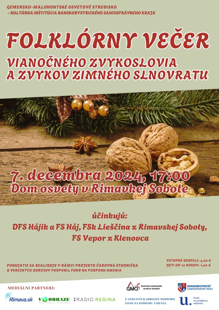 Gemersko-malohontské osvetové stredisko - kultúrna inštitúcia Banskobystrického samosprávneho kraja vás dňa 7. decembra pozýva do svojich priestorov Domu osvety v Rimavskej Sobote, kde sa uskutoční Folklórny večer vianočného zvykoslovia a zvykov zimného slnovratu.
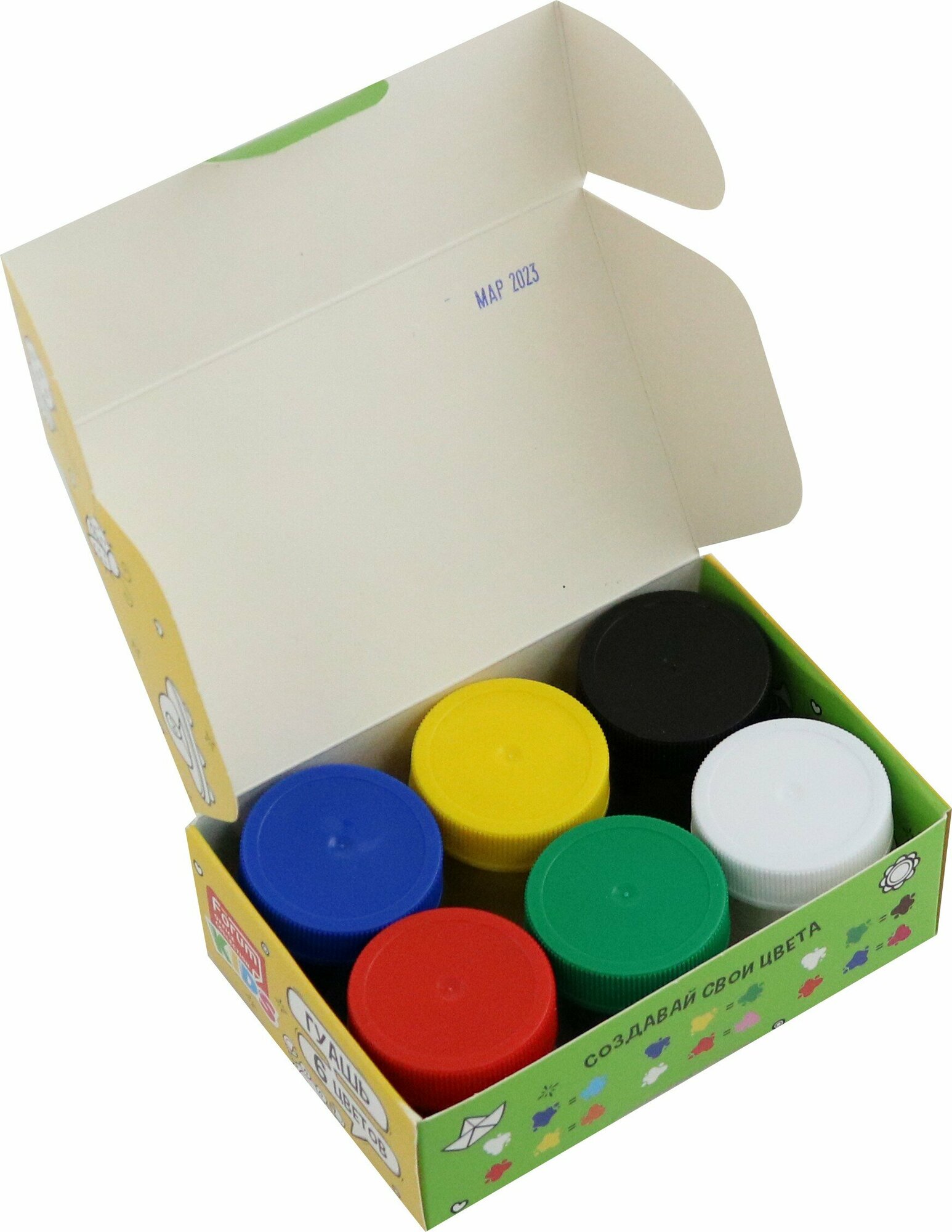 Гуашь в баночках с надёжной, цветной винтовой крышкой.
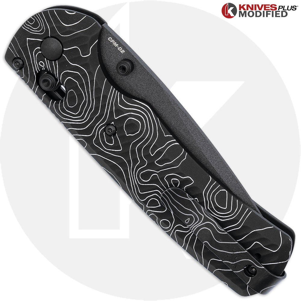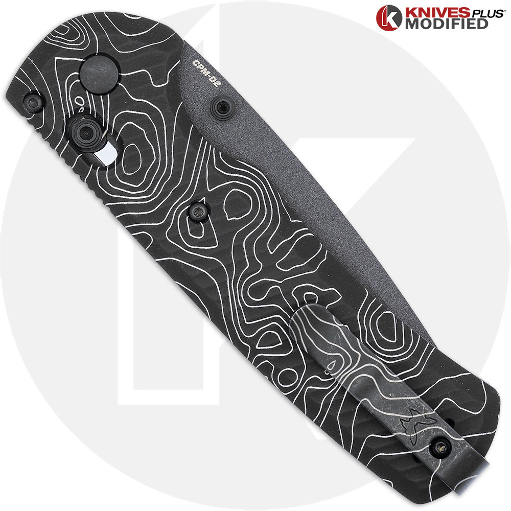 The MODIFIED 431BK Benchmade Redoubt is a workhorse of an EDC that features a 3.53-inch tanto blade made of tough CPM-D2 tool steel, with a Rockwell hardness of 60-62. The blade has a non reflective black finish, a top swedge to lessen weight, and dual black thumb studs for ambidextrous one hand opening. The green Grivory® handle has been replaced with the AWT Archon Redoubt Black scales. The scales have been given the topo treatment along with the pocket clip! The Redoubt is 4.75-inches closed with a sturdy AXIS Lock and a deep carry black mini clip mounted at the butt end. This Benchmade Redoubt Knife has an overall open length of 8.27-inches and weighs 4.4 oz. Benchmade and AWT are proudly made in the USA.
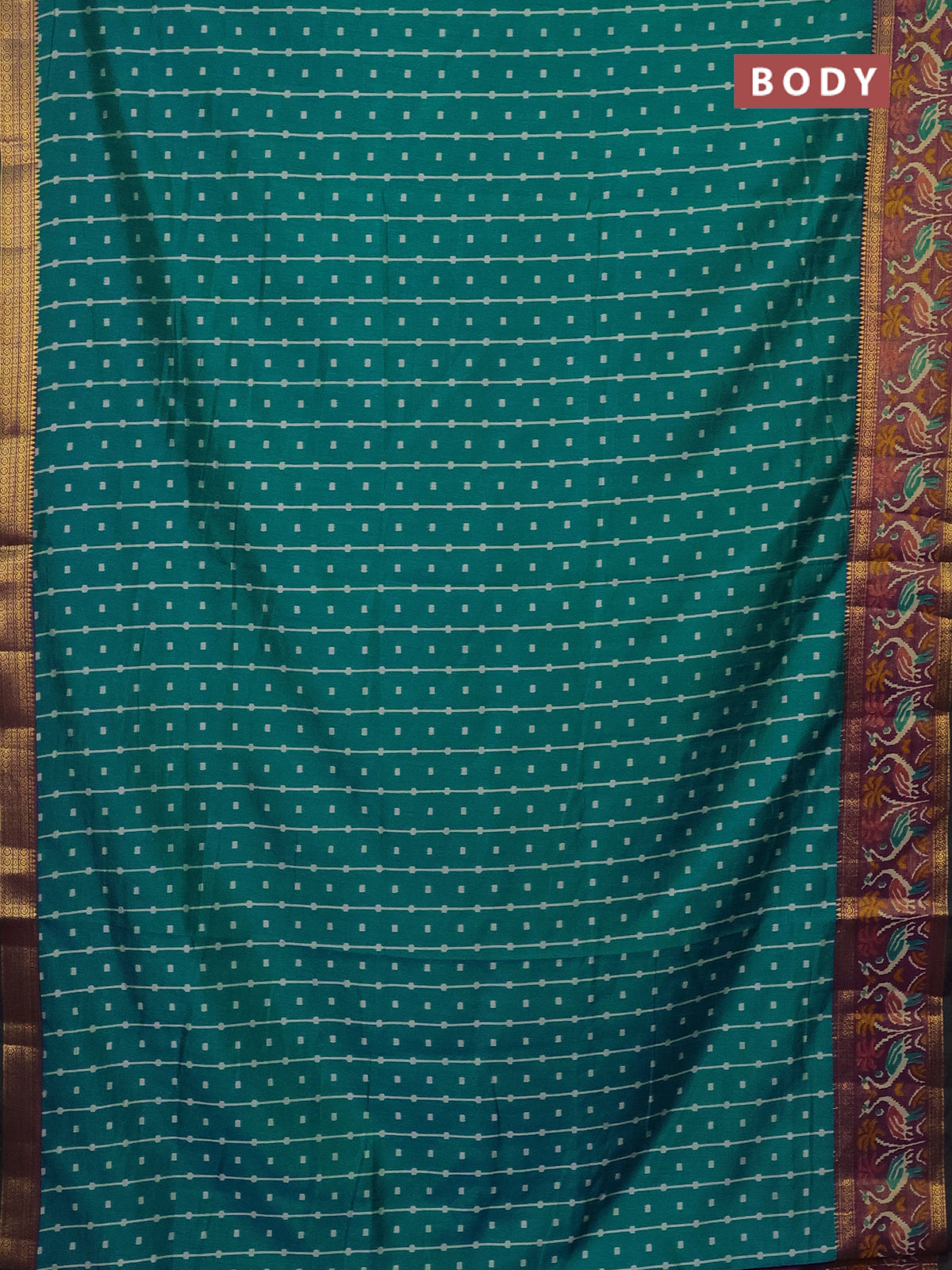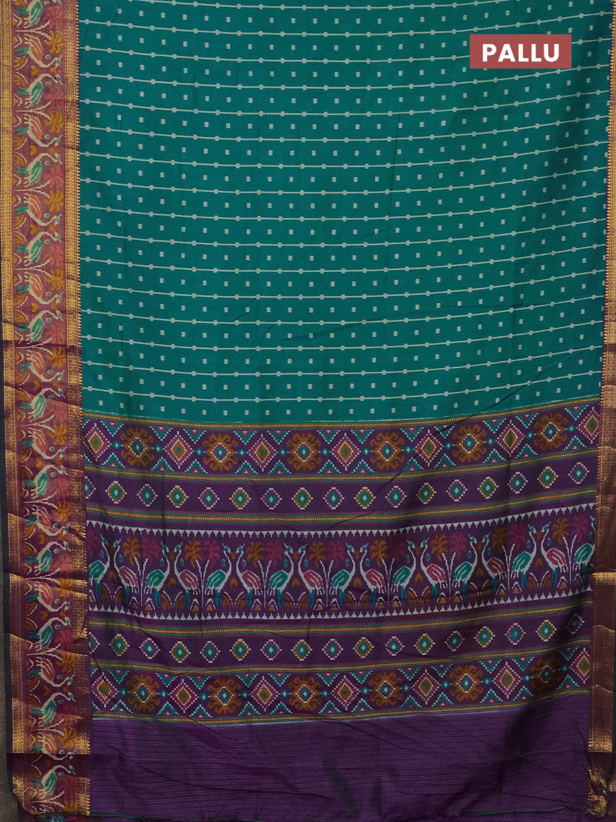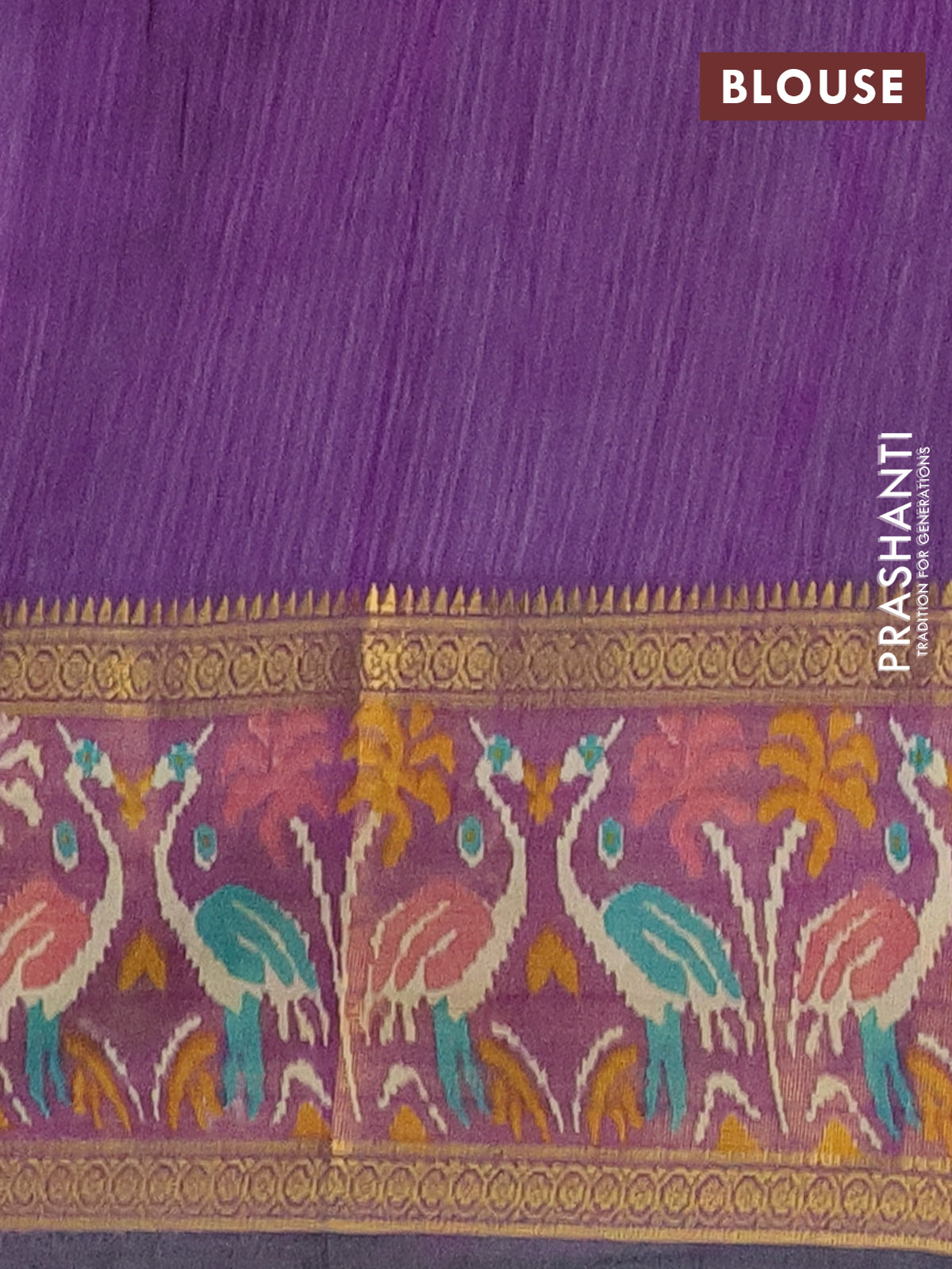 Semi tussar saree teal bluish green and purple with allover ikat prints and zari woven ikat border

□ □ □ □ □ □ □

TASK DESCRIPTION
Print every line of the data exactly. Pictures do not belong in the copy.

REPLY
 Gemersko-malohontské osvetové stredisko - kultúrna inštitúcia Banskobystrického samosprávneho kraja vás dňa 7. decembra pozýva do svojich priestorov Domu osvety v Rimavskej Sobote, kde sa uskutoční Folklórny večer vianočného zvykoslovia a zvykov zimného slnovratu.
 Гуашь в баночках с надёжной, цветной винтовой крышкой.
 The MODIFIED 431BK Benchmade Redoubt is a workhorse of an EDC that features a 3.53-inch tanto blade made of tough CPM-D2 tool steel, with a Rockwell hardness of 60-62. The blade has a non reflective black finish, a top swedge to lessen weight, and dual black thumb studs for ambidextrous one hand opening. The green Grivory® handle has been replaced with the AWT Archon Redoubt Black scales. The scales have been given the topo treatment along with the pocket clip! The Redoubt is 4.75-inches closed with a sturdy AXIS Lock and a deep carry black mini clip mounted at the butt end. This Benchmade Redoubt Knife has an overall open length of 8.27-inches and weighs 4.4 oz. Benchmade and AWT are proudly made in the USA.
 Semi tussar saree teal bluish green and purple with allover ikat prints and zari woven ikat border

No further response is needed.